If the value did change to running while the collector was shut down then that change is counted as in shown in the following example:
set starttime='08/06/2012 8:00:00',endtime='08/06/2012 10:00:00'
select timestamp,value,quality from ihrawdata where tagname = STATEBADTAG2 and samplingmode=Calculation and
CalculationMode=StateCount and IntervalMilliseconds=20m and statevalue=4
Time Stamp | Value | Quality |
---|---|---|
8/6/2012 08:20:00 | 0.000000000000 | 0.0000000 |
8/6/2012 08:40:00 | 0.000000000000 | 0.0000000 |
8/6/2012 09:00:00 | 0.000000000000 | 5.0000000 |
8/6/2012 09:20:00 | 1.000000000000 | 70.0000000 |
8/6/2012 09:40:00 | 0.000000000000 | 100.0000000 |
8/6/2012 10:00:00 | 0.000000000000 | 100.0000000 |
Calculating the state count of enumerated set data
When querying a tag that uses enumerated sets, use the string state name as the state value.
Using the data from previous example, assume that the STATECOUNTTAG had an enumerated set with the values as 2=Stopped and 4=Running.

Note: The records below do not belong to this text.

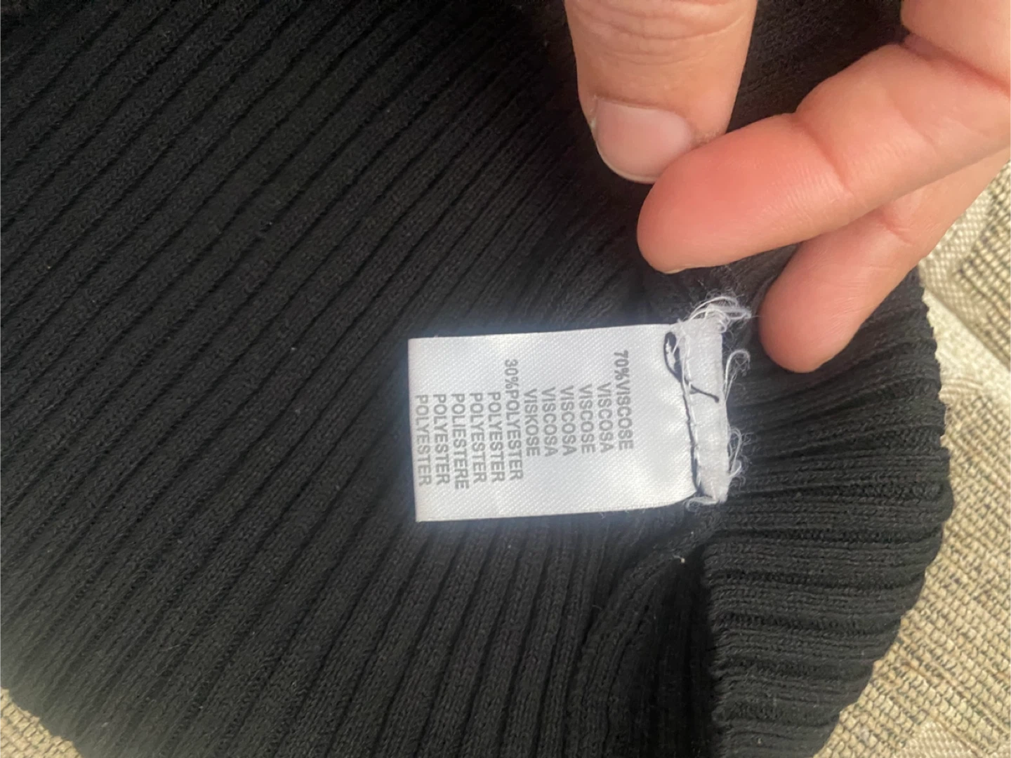 This is a black ribbed knit top from LUC-CE. It's made of 70% viscose and 30% polyester. Care instructions include washing at 30°C.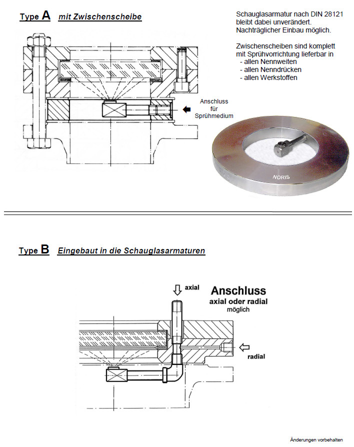 NORIS | Behälterschauglas mit Sprühvorrichtung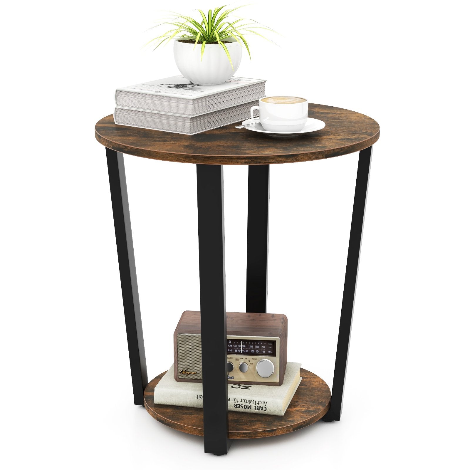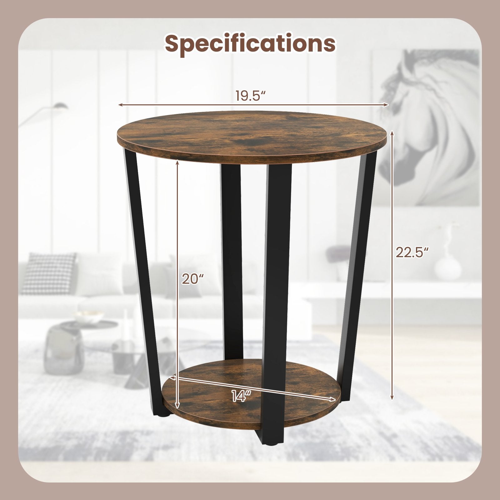 2-Tier Round End Table with Storage Shelf and Metal Frame-Brown

You should use this query with statevalue of Running instead of the native value 4.
set starttime='08/06/2012 8:00:00',endtime='08/06/2012 10:00:00'
select timestamp,value,quality from ihrawdata where tagname = STATECOUNTTAG and samplingmode=Calculation and
CalculationMode=StateCount and IntervalMilliseconds=20m and statevalue='Running'
The results match with the results when statevalue=4 is used.
Time Stamp | Value | Quality |
---|---|---|
8/6/2012 08:20:00 | 0.000000000000 | 0.0000000 |
8/6/2012 08:40:00 | 0.000000000000 | 0.0000000 |
8/6/2012 09:00:00 | 0.000000000000 | 5.0000000 |
8/6/2012 09:20:00 | 1.000000000000 | 100.0000000 |
8/6/2012 09:40:00 | 0.000000000000 | 100.0000000 |
8/6/2012 10:00:00 | 0.000000000000 | 100.0000000 |
Calculating the state time of good quality data
set starttime='08/06/2012 8:00:00',endtime='08/06/2012 10:00:00'
select timestamp,value,quality from ihrawdata where tagname = STATECOUNTTAG and samplingmode=Calculation and
CalculationMode=StateTime and IntervalMilliseconds=20m and statevalue=4
Time Stamp | Value | Quality |
---|---|---|
8/6/2012 08:20:00 | 0.000000000000 | 0.0000000 |
8/6/2012 08:40:00 | 0.000000000000 | 0.0000000 |
8/6/2012 09:00:00 | 0.000000000000 | 5.0000000 |
8/6/2012 09:20:00 | 720,000.000000000000 | 100.0000000 |
8/6/2012 09:40:00 | 120,0.000000000000 | 100.0000000 |
8/6/2012 10:00:00 | 0.000000000000 | 100.0000000 |
A 20 minute interval is 20*60*1000=1200000 milliseconds. In the 9:00 to 9:20 interval the value was in state 4 from 9:08 to 9:20 which is 12 minutes * 60 *1000 = 720000 milliseconds.
In the 9:20 to 9:40 interval the value was in state 4 from 9:20 to 9:22 which is 2*60*1000 = 120000 milliseconds.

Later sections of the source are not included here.